Future Greats

When I first encountered Dan Miller’s work, he was producing a number of sculptures and small collages for a forthcoming show at artist led space +44 141, in Glasgow. One of these meticulously assembled works on paper, Camouflage Structure (2007), contains a disruptive pattern incorporating two faun like figures, one slightly increased in scale as though magnified along an axis bisecting the image.

The figures’ awkward duplication presents us with a complex visual cipher, suggesting the possibility that the same form might also constitute its accompanying camouflage. Miller frequently produces and reproduces facsimiles of his own and appropriated works. In Still Life (2008) he takes two ‘paint your own’ canvases, working simultaneously on both, mark for mark, carryingout a chain of exercises to create ‘twinned’ paintings rather than a diptych. These codes of mirroring, repetition and disguise emphasise a function of reading that exists between the production and reception of an artwork, a process defined by encryption and deciphering – one that inevitably presents a potential gap in communication between artwork and viewer.

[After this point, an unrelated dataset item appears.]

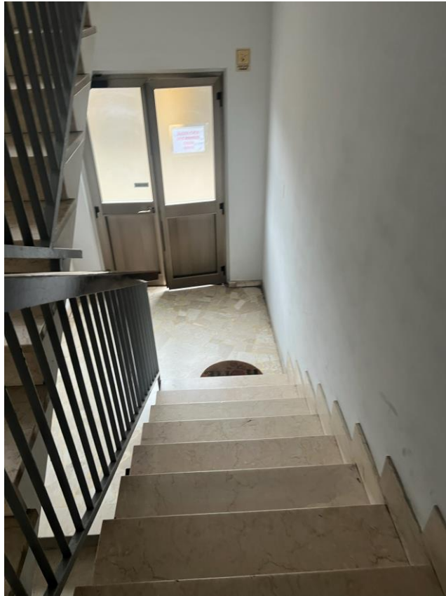
Foto 6. Vano scala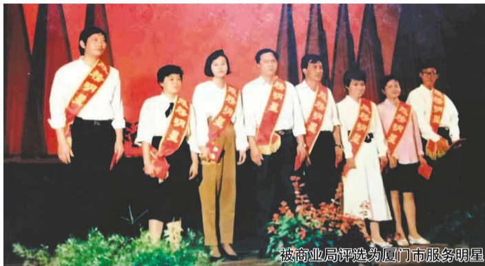
被商业局评选为厦门市服务明星

His recent works, Composition in Three Parts, Untitled and Blue Angel I & II (all 2010),produced during a CPH AIR residency in Copenhagen, further emphasise Miller’s revealing of the ‘void’ within, or beyond, the painted plane. Drawing from the design motifs used in the branding of the Aldi supermarket chain, which in turn reference Concrete art and De Stijl, Miller develops a series of geometric patterns floating upon a complex framework of lines, the grid providing a skeletal underpinning for pictorial and chromatic arrangement.

Much like Miller’s earlier collages, these works coax the viewer to consider the space beyond the image, where tessellating patterns converge to form an infinite motif.